→ What the exercise asks:
From the line containing "Enhance your evening" to the line containing "Рюкзак складной на" in the records below, set down every line exactly as it stands, both ends included, and skip the pictures.
[Opening Entries shown section]
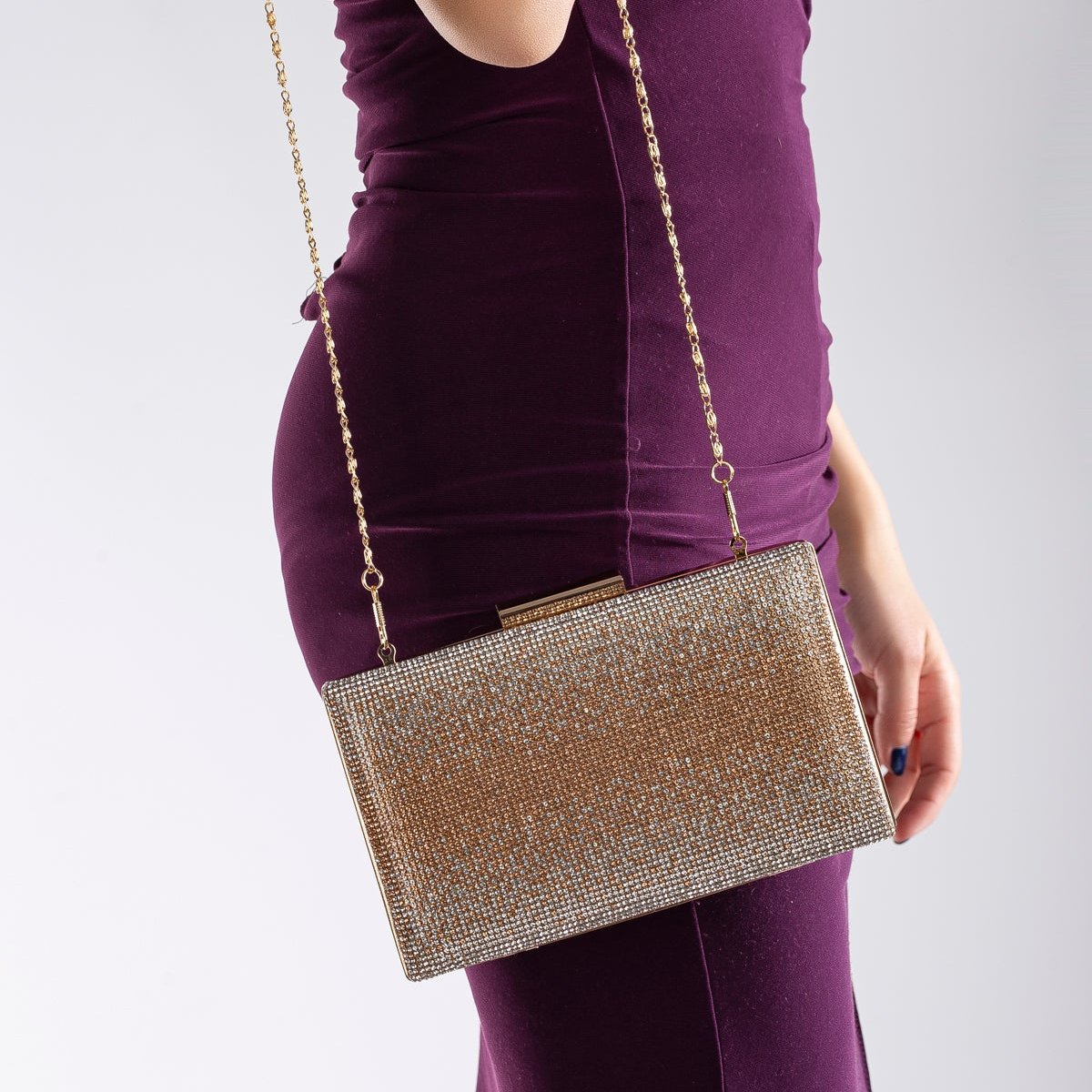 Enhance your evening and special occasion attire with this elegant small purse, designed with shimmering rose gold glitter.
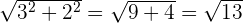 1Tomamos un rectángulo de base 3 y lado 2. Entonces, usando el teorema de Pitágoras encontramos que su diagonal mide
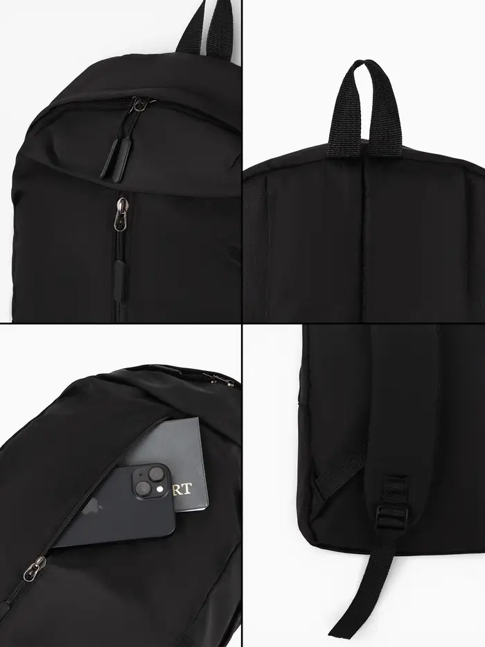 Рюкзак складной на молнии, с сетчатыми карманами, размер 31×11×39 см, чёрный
[Closing Entries shown section]
[Opening Entries shown section]
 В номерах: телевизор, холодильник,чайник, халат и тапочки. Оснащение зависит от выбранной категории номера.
[Closing Entries shown section]
[Opening Entries shown section]
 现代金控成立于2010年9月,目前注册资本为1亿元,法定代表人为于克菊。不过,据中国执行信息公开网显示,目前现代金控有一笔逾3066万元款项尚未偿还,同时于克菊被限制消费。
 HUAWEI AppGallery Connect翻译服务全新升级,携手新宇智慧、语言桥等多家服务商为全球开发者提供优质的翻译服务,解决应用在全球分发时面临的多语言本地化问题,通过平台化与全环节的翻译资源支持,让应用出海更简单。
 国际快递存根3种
[Closing Entries shown section]
→ Response:
 Enhance your evening and special occasion attire with this elegant small purse, designed with shimmering rose gold glitter.
 1Tomamos un rectángulo de base 3 y lado 2. Entonces, usando el teorema de Pitágoras encontramos que su diagonal mide
 Рюкзак складной на молнии, с сетчатыми карманами, размер 31×11×39 см, чёрный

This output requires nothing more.